(Extracted data entries)
::::
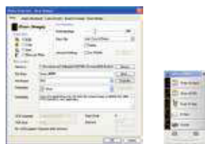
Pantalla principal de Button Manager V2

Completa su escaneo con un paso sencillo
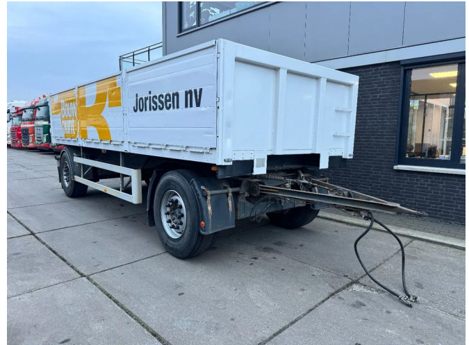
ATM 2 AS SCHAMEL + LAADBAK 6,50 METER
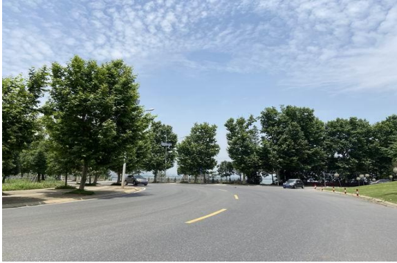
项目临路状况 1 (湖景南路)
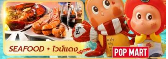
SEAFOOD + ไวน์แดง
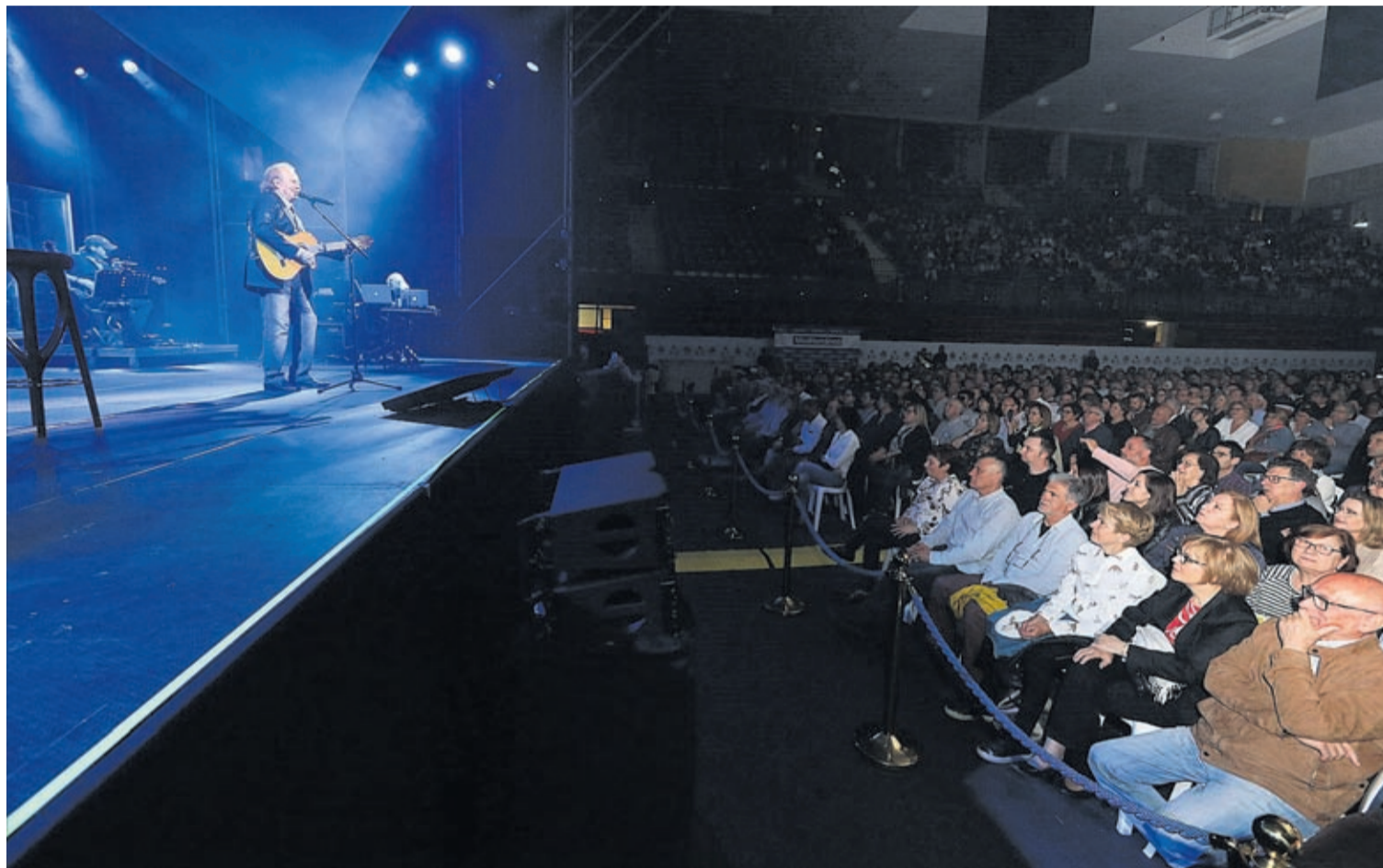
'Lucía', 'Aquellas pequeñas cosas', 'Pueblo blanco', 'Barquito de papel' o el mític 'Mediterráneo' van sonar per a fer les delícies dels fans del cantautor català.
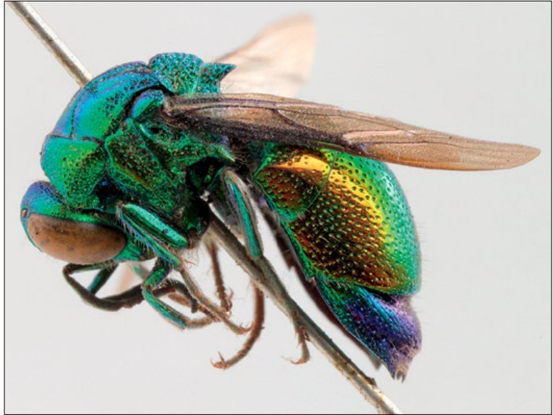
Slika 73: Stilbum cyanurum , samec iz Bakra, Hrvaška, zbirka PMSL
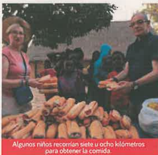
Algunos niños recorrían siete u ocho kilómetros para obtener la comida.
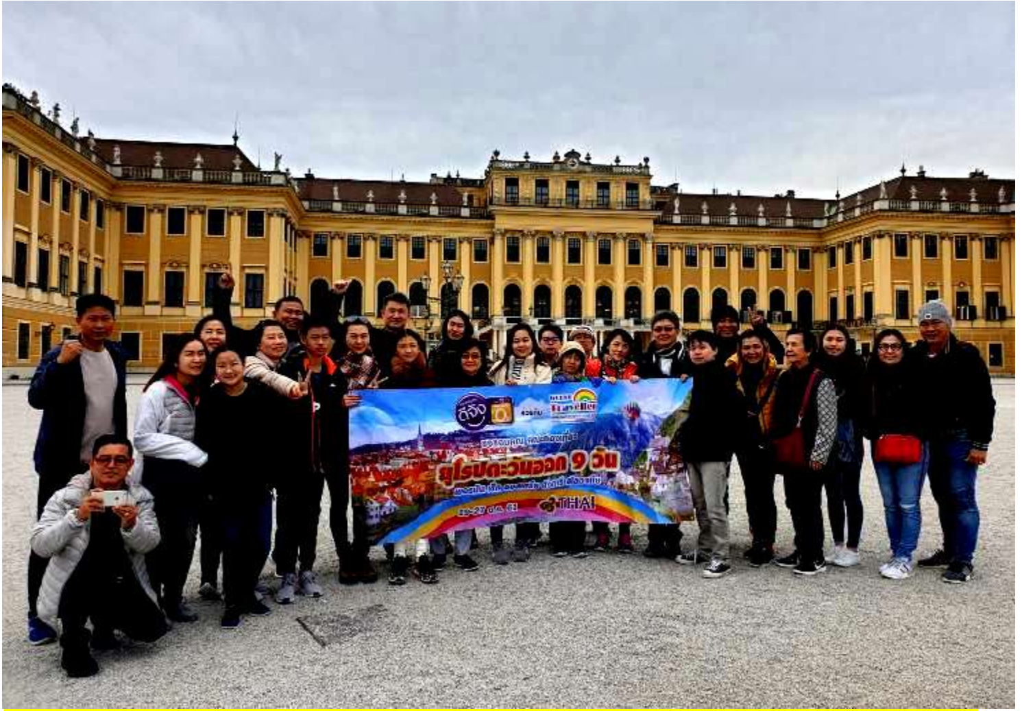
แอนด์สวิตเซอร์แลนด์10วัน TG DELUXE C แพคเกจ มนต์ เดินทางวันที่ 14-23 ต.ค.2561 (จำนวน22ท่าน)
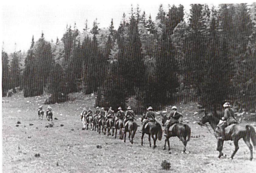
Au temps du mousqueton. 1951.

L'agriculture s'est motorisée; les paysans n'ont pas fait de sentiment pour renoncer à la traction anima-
::::
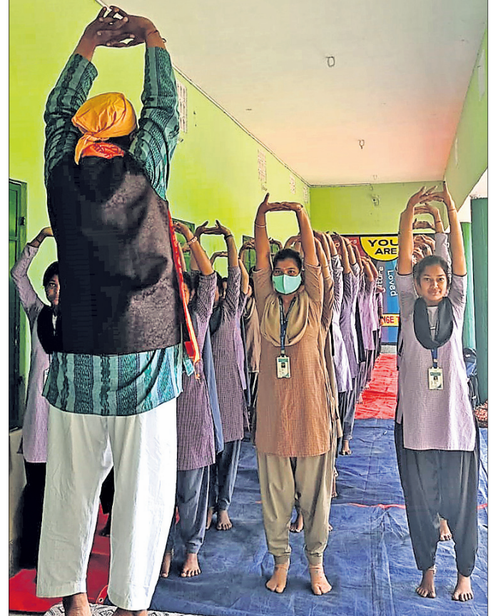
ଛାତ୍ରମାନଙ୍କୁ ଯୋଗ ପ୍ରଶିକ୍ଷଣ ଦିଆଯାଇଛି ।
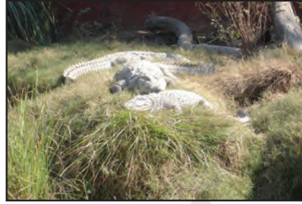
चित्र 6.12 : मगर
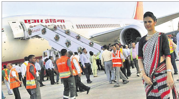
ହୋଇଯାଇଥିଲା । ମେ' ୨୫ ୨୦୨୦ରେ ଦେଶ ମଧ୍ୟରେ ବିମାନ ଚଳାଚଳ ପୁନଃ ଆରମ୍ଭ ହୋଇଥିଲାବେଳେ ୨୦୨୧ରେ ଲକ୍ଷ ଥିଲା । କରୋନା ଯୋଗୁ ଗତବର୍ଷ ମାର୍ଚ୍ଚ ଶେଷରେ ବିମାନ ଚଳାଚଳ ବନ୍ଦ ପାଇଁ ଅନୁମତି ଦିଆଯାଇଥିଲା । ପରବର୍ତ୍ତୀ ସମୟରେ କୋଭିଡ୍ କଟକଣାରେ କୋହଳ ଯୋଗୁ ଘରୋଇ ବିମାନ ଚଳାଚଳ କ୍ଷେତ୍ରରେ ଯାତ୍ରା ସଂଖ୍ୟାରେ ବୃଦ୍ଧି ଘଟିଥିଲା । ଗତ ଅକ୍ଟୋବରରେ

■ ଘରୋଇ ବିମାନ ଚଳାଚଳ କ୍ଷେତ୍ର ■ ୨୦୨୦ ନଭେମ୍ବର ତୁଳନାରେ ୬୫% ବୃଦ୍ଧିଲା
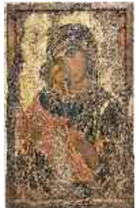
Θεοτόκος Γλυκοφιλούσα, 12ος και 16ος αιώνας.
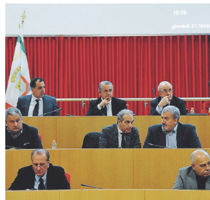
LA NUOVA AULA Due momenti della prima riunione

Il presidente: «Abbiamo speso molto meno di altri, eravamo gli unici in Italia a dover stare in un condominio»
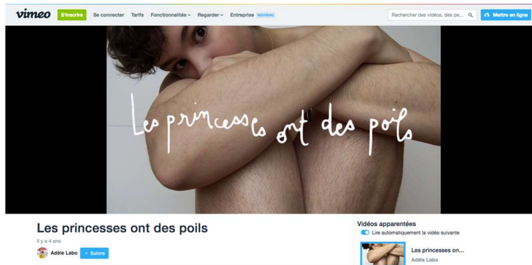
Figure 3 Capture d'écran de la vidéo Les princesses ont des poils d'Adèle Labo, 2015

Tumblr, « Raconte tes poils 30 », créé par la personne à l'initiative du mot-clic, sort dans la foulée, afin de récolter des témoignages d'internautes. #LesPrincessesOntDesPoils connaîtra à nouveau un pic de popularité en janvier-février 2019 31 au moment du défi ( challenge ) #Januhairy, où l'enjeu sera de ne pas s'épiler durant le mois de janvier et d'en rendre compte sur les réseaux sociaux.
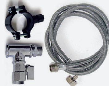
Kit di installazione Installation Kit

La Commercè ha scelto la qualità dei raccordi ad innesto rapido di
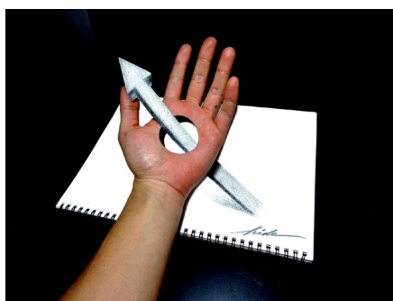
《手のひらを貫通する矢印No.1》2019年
::::
> TASK TO CARRY OUT
With the pictures left out, write out exactly the lines above from the one containing "del cantautor català." through the one containing "L'agriculture s'est motorisée;".

> ANSWER SECTION
'Lucía', 'Aquellas pequeñas cosas', 'Pueblo blanco', 'Barquito de papel' o el mític 'Mediterráneo' van sonar per a fer les delícies dels fans del cantautor català.
Slika 73: Stilbum cyanurum , samec iz Bakra, Hrvaška, zbirka PMSL
Algunos niños recorrían siete u ocho kilómetros para obtener la comida.
แอนด์สวิตเซอร์แลนด์10วัน TG DELUXE C แพคเกจ มนต์ เดินทางวันที่ 14-23 ต.ค.2561 (จำนวน22ท่าน)
Au temps du mousqueton. 1951.

L'agriculture s'est motorisée; les paysans n'ont pas fait de sentiment pour renoncer à la traction anima-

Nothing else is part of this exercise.